While the NFL is not the same as European club soccer because the former has a hard salary cap, while the latter is a vestige of unrestrained capitalism (or at least it will be until UEFA's Financial Fair Play regulations kick in and actually turn out to be more than Manchester City's accountants can evade), the point about coaches translates well. Football coaching is probably best understood as being on a bell curve. There are a few Bill Belichicks on the right side of the curve, a few Rich Kotites on the left side, and then the vast majority of coaches in the middle.* Fighting over where our new coordinators fall might be an argument over nothing.
* - Think about the shifting views of Les Miles as an example of "what do we really know about coaches?" When he started 34-6 at LSU with a national title in his first three seasons, he looked like one of the best coaches in the conference. When he went 17-9 over the next two years, he was on the hot seat because he apparently only won with Saban's players. When he was making ballsy decisions late in games in 2007, he was a cagey gambler. When he was butchering the clock at the end of the 2009 Ole Miss game, he was a buffoon. The last two years, he has gone 24-3 and threw off Saban's shadow with two wins over Alabama ... until January 9. Now, LSU fans are openly speculating that he completely lost his team in the lead-up to the national title game, whereas if Oklahoma State would have survived overtime in Ames, Miles probably has a second national title. So, in the end, what's the consensus on Miles as a good coach? And how long before that consensus moves 180 degrees?

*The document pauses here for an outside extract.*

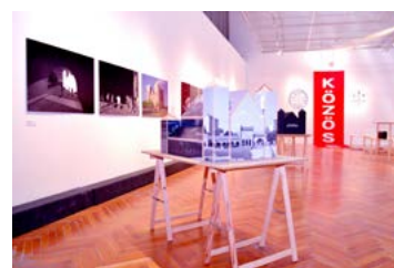
Kiállítási enteriőr, 2022

A top_OS csop_Ort első kiállítása Csók István Képtár, Székesfehérvár, 2022. június 10. – szeptember 25.

Take Dirk Koetter as an example. What do we really know about him based on his resume? When he was at Boise State, he was instrumental in that program's emergence from I-AA to becoming a non-BCS conference power. He went 20-5 in his last two years there, which landed him the head coaching job at Arizona State. With the Sun Devils, he went 40-34. His offenses were all over the map, averaging 34, 32, 25, 30, 37, and 27 points per game from 2001 to 2006. He also had the misfortune of coaching when Pete Carroll's USC was at its absolute apex: 2001-06. What coach was going to succeed against Carroll in the first half of the Aughts, especially when that coach not only had to go up against Carroll on the field, but also had to vie for talent in Southern California against a recruiting dynamo? Taking his college record as a whole, did he forget how to coach when he moved from Idaho to Arizona? Or is there something about Boise State that allows its coaches to win and then those coaches cannot replicate that success elsewhere? (Dan Hawkins is currently nodding furiously.) A regression analysis of the Broncos' rise to prominence would not identify head coaches as a driving factor, but I digress.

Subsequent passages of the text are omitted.